Roamr, an innovative corporate travel accommodation platform, aims to dramatically reduce costs for businesses by promoting employee-to-employee hosting, sidestepping the increasingly expensive hotel industry. The platform can facilitate savings of up to 30% on lodging expenses for companies, a benefit to both the hosted employee and the host, who receive a portion of the money not allocated to traditional hotel expenses.
Based on a global scope, Roamr is especially attractive to businesses that operate with distributed teams. The leadership at Roamr, founded by Stephen Dooley and Jason O’Gorman in 2023, suggests that the platform will enhance collaboration and team cohesion by giving colleagues the opportunity to cohabitate.
Dooley notes the need for such a platform, as steep hotel prices, growing roughly 10% each year, are a significant burden on corporate travel budgets. Furthermore, with the modern shift in working culture, as around 97% of tech firms offering location flexibility to draw and retain staff, Roamr responds to the cost barriers encountered when leveraging these policies. The platform offers employees the option to swap homes with workmates for free, facilitating remote work or ‘workcations’ to take full advantage of location flexibility policies.
While Roamr may not suit all firms or business travellers, its founders are confident that it will resonate with fiscally prudent start-ups and tech businesses typically employing mostly millennials and Generation Z workers, who are well-versed with the shared economy concept.
Dooley recognises the efforts of companies like Uber and Airbnb for sensitizing consumers to sharing resources. Reserving accommodation on Roamr is akin to other online services, with the condition that information is only shared within internal colleagues. An easy-to-use digital interface displays property images and amenities list, enabling straightforward bookings with a click.
Dooley, whose key interest lies in leveraging the collective potential of shared economies, dedicated four years toward a PhD centred on financial technology, delving into the formation of trust, a pivotal aspect in the quick embrace of the shared model. O’Gorman, a software engineer, has over the past ten years, lent his hand to budding travel and hospitality ventures like RentalMatics and Cloudbeds.
“With our experience spanning fintech, travel, and the implementation of shared economy platforms, we have personally experienced the constraints of exorbitant accommodation costs when working remotely,” states Dooley. To illustrate, a tech firm requiring a Dublin-based worker to spend a month in San Francisco would face an expense of roughly $10,000. With Roamr, a San Francisco-based co-worker can provide accommodation and earn $3,000. The sojourning employee will gain $3,000 in rewards for picking Roamr over a hotel and the company will economise $4,000. It’s a triple advantage.

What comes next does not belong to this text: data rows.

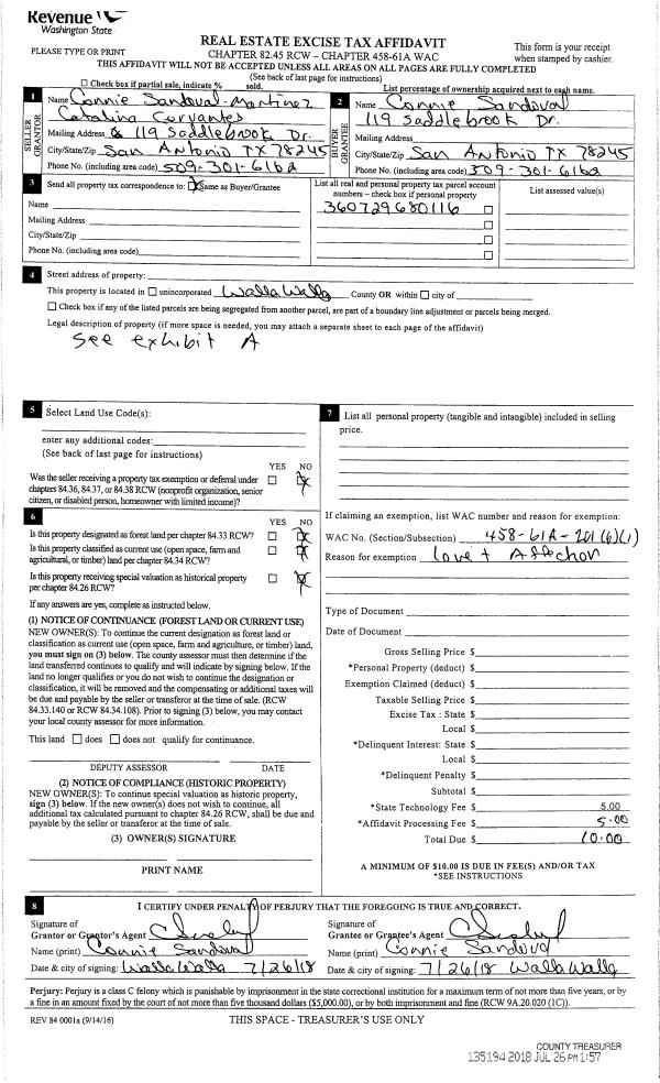 | 1 | 07/26/2018 | QCD | QUIT CLAIM DEED | SANDOVAL CONNIE M | SANDOVAL CONNIE M | | | $0.00 | 135194 | 2018-06056 |
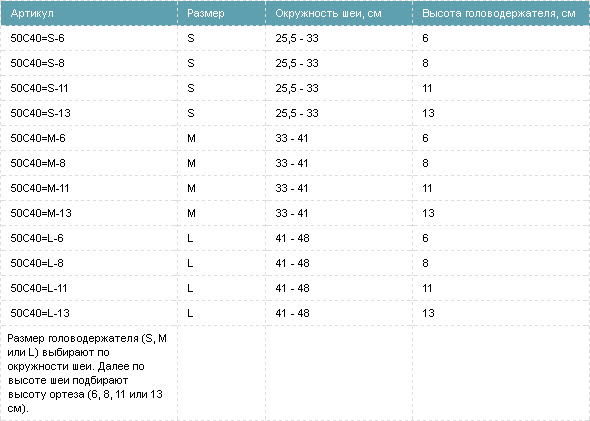 Размер головодержателя (S, M, L) выбирается в зависимости от окружности шеи.
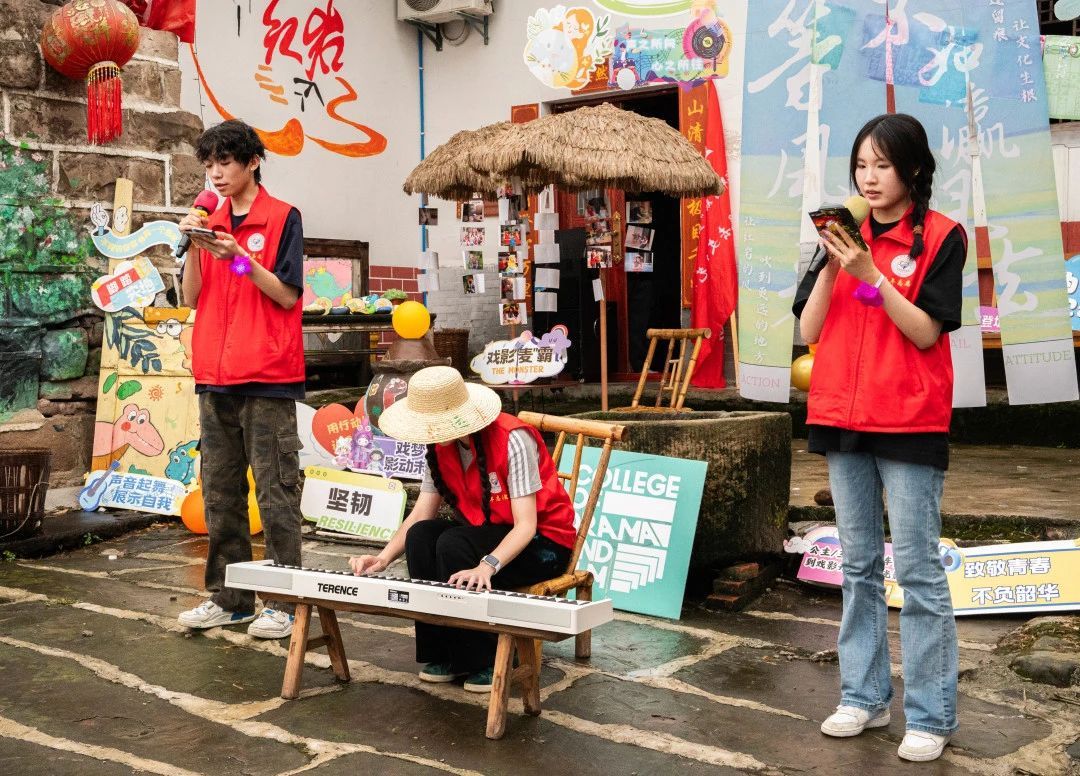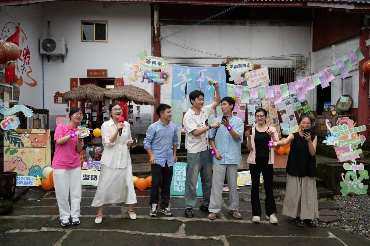 以专业赋能,用艺术点亮乡村生活,瀛风去文化艺术服务团于7月9日在红岩村“刘得住”小院举办了一场“最终,追风的人自己便成为了风”主题文艺汇演。本次活动邀请到红岩村党总支副书记刘绍军书记、戏剧影视学院学工办主任曾玉娇老师以及戏剧影视学院各位辅导员老师们。本次晚会由志愿者杨浩、胡锌主持。

Initiated at the tail end of the previous year, Roamr has an established customer base. The company’s prime source of revenue is commissions earned from bookings on the platform. They also offer the scheme as an employee benefit; a SaaS fee is charged for personal house swaps.
Thanks to O’Gorman’s prowess, Roamr’s establishment costs were modest, approximately €10,000, a figure already recouped. The firm is currently part of the New Frontiers scheme at TU Dublin and is close to securing a pre-seed funding round of about €500,000 from a selective group of angel investors who bring not only funding but also precious industry expertise to the fledgling set-up.